5. physical and neurologic examinations for vertical saccades and neck rigidity of early progressive supranuclear palsy (PSP) or asymmetric motor findings of early corticobasal degeneration (CBD).

There is increasing recognition of primary age-related tauopathy (PART) especially in people over age 85, with a slower rate of cognitive decline compared with AD, as illustrated by the case shown in the Figure.⁶

Beyond Amyloid-Tau-Neurodegeneration Criteria

The ATN criteria bring up the need for flexibility in incorporating newly validated biomarkers, such as α-synuclein and TDP43 proteinopathies, microinfarcts, hippocampal sclerosis, and argyrophilic grains that can occur alone or in combination with AD pathologic changes.^7-9 White matter hyperintensities (WMH), which can be easily quantified using MRI are a frequent comorbidity in individuals over age 55 with cognitive impairment.¹⁰ Neuroinflammation has been proposed as a major contributor to cell death at some stage in the AD pathologic process.¹¹ Biomarkers related to the classic pathology of AD (ATN) and others (V for vascular, S for synuclein, I for inflammation) are under accelerated development, and periodic revisions to the ATN criteria and framework are to be expected.¹² The biggest hope is to have blood-based biomarkers that are reliable indicators of intracerebral pathology, reducing the need for PET and CSF examination.¹³ For example, neurofilament light chain is a promising peripheral marker for neurodegeneration.¹⁴ In combination with available demographic (eg, age, gender, education, and vascular risks) and genetic data (ApoE genotype), algorithms may be developed to use the least invasive and most cost-effecive means of diagnosing causes of dementia.

Conclusions

The current ATN framework for AD will facilitate research in pathologically homogeneous groups of patients but will not help to determine comorbid factors at play in most people with dementia.
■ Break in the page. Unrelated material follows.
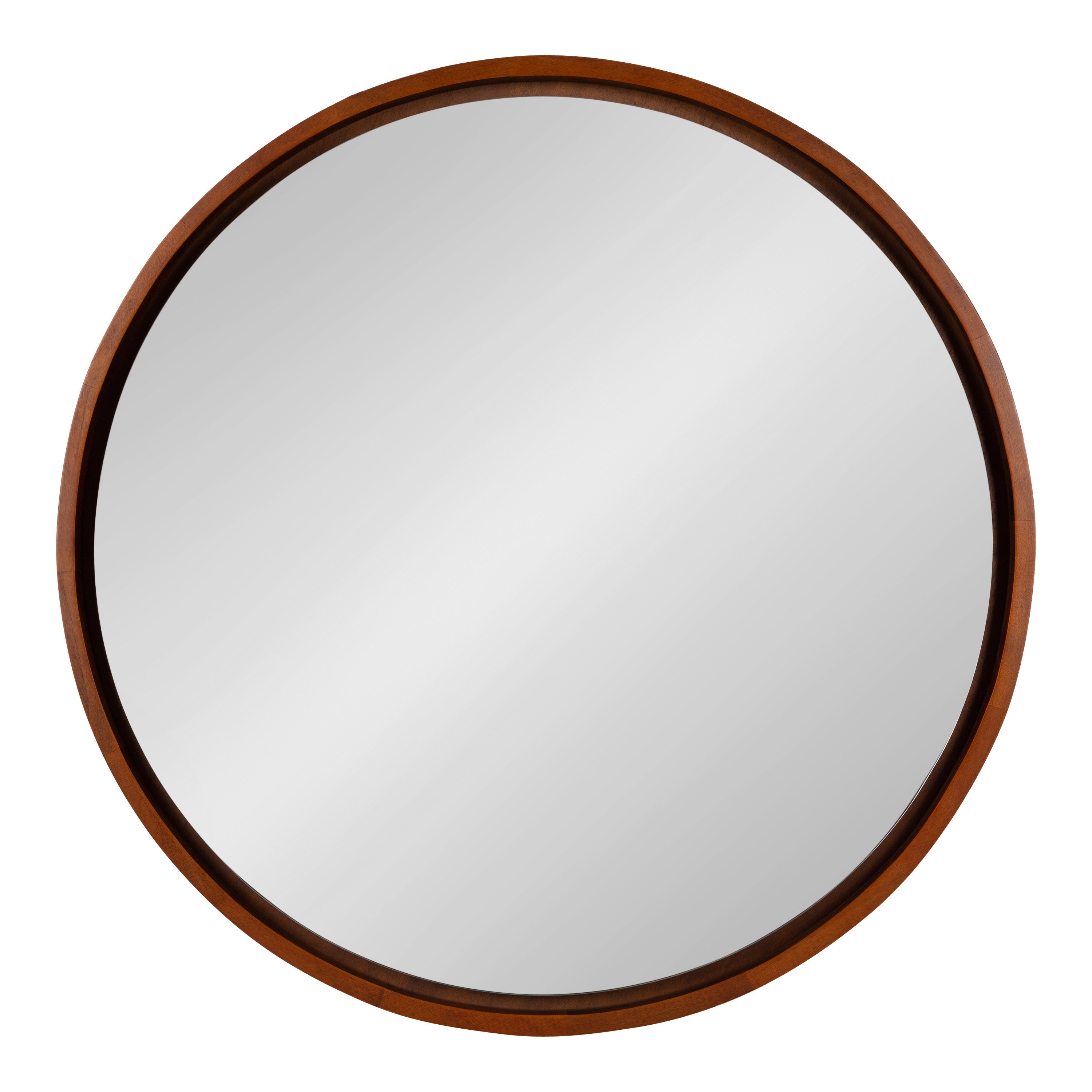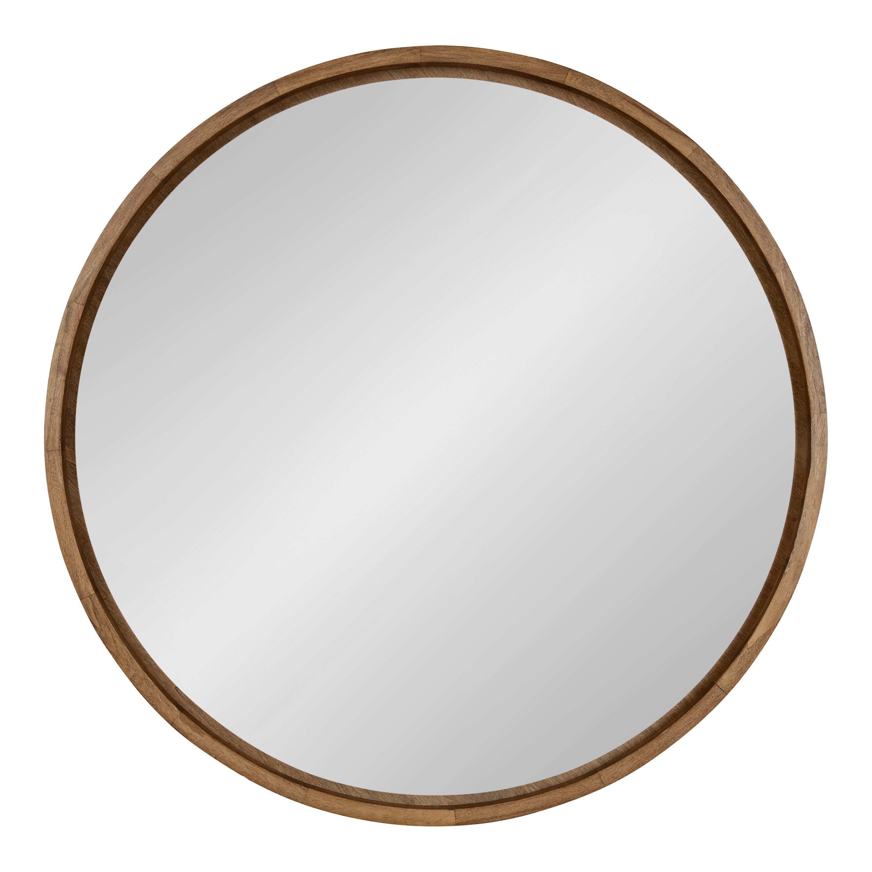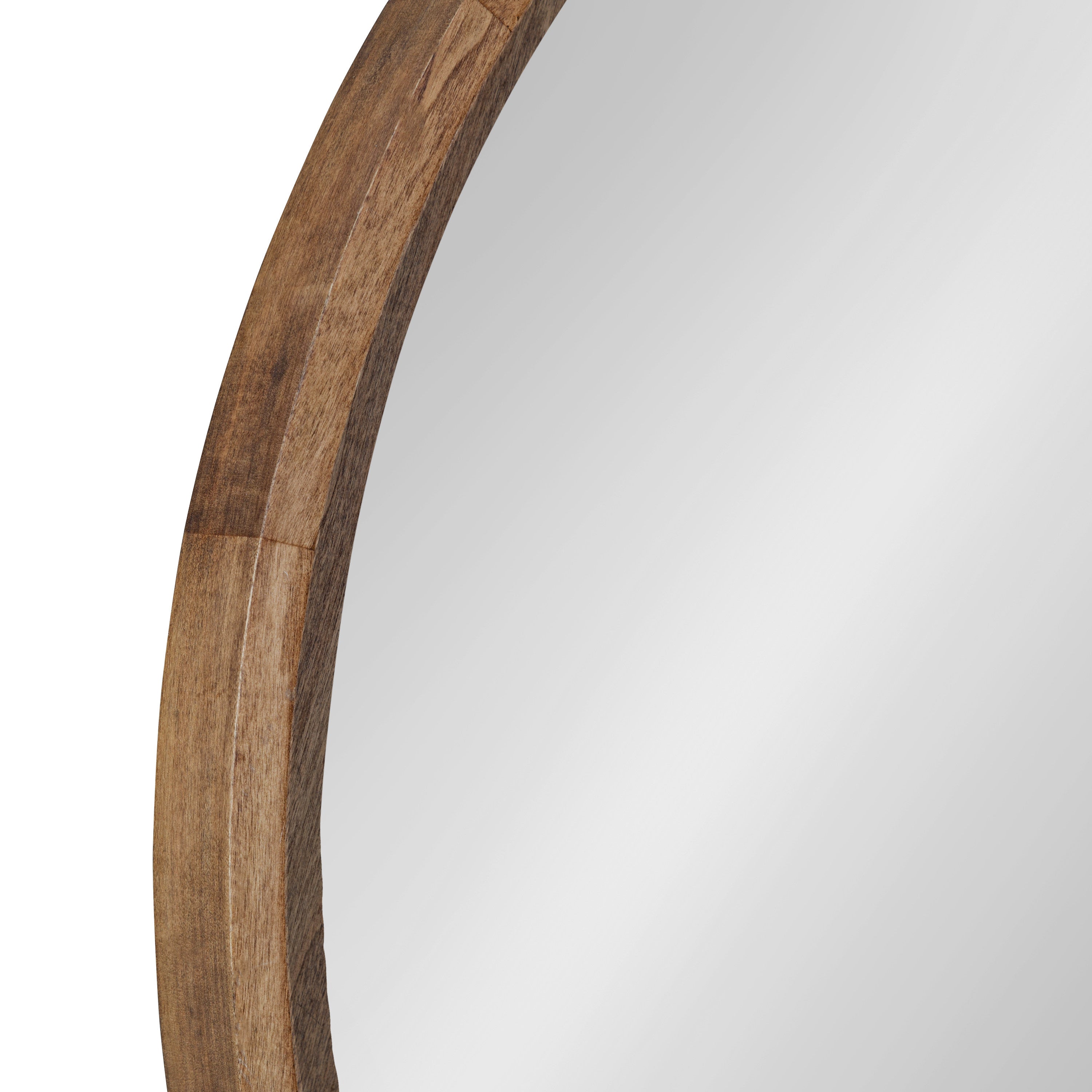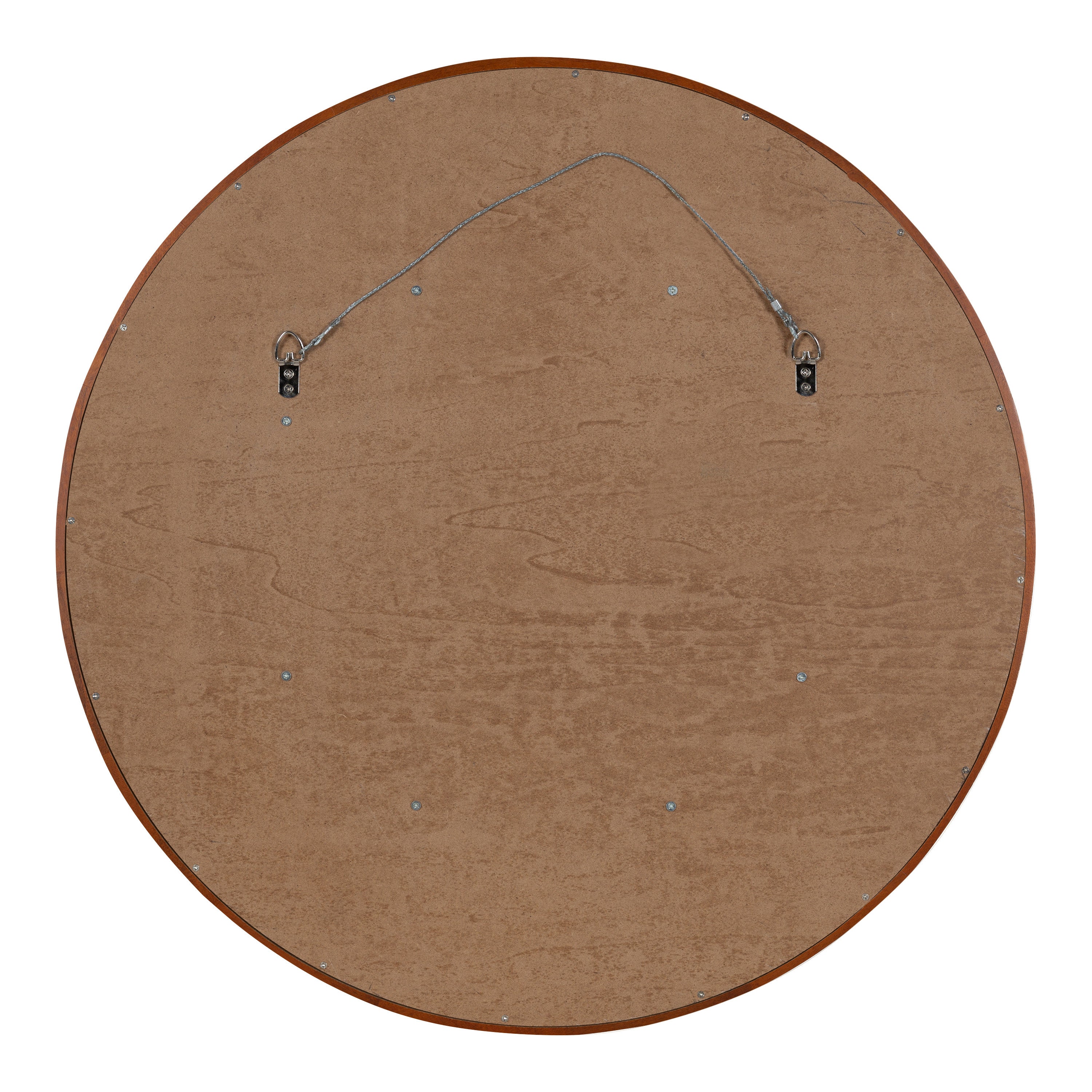 The Evans wall mirror offers your home or office a lovely, mid-century accent for functional display. This boho-chic, modern mirror has a round frame with a wood construction for extra resiliency. The interior glass floats within this solid frame, providing an eye-catching statement for any room of the home.
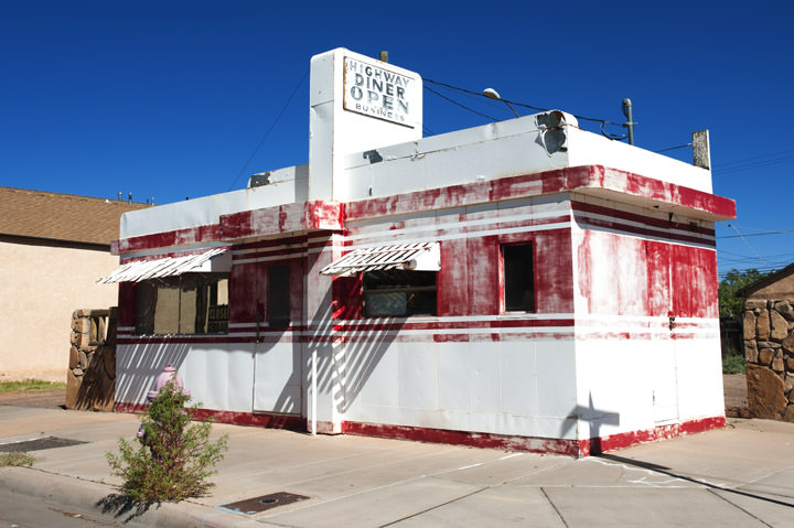 REF: WOF_K095_0108This black and white photograph shows the Galaxy Diner on Route 66 at Flagstaff, Arizona. This print is available as an art print, canvas or acrylic panel in various different sizes. To see more photographs of this location or theme, or for help or advice please call 01992 939344.

The framework will thus be expanded as the validation of imaging, CSF and blood biomarkers bears fruit. It is essential that biomarkers utilized in the assessment of clinical cases are well validated.¹⁵ An advantage of the ATN framework for practicing neurologists is to broaden the diagnosis in vivo for people with nonamyloid dementias, and to look for comorbidity even in their amyloid-positive patients. In the near future this individual approach to diagnosis of dementia will lead to personalized combination therapy approaches.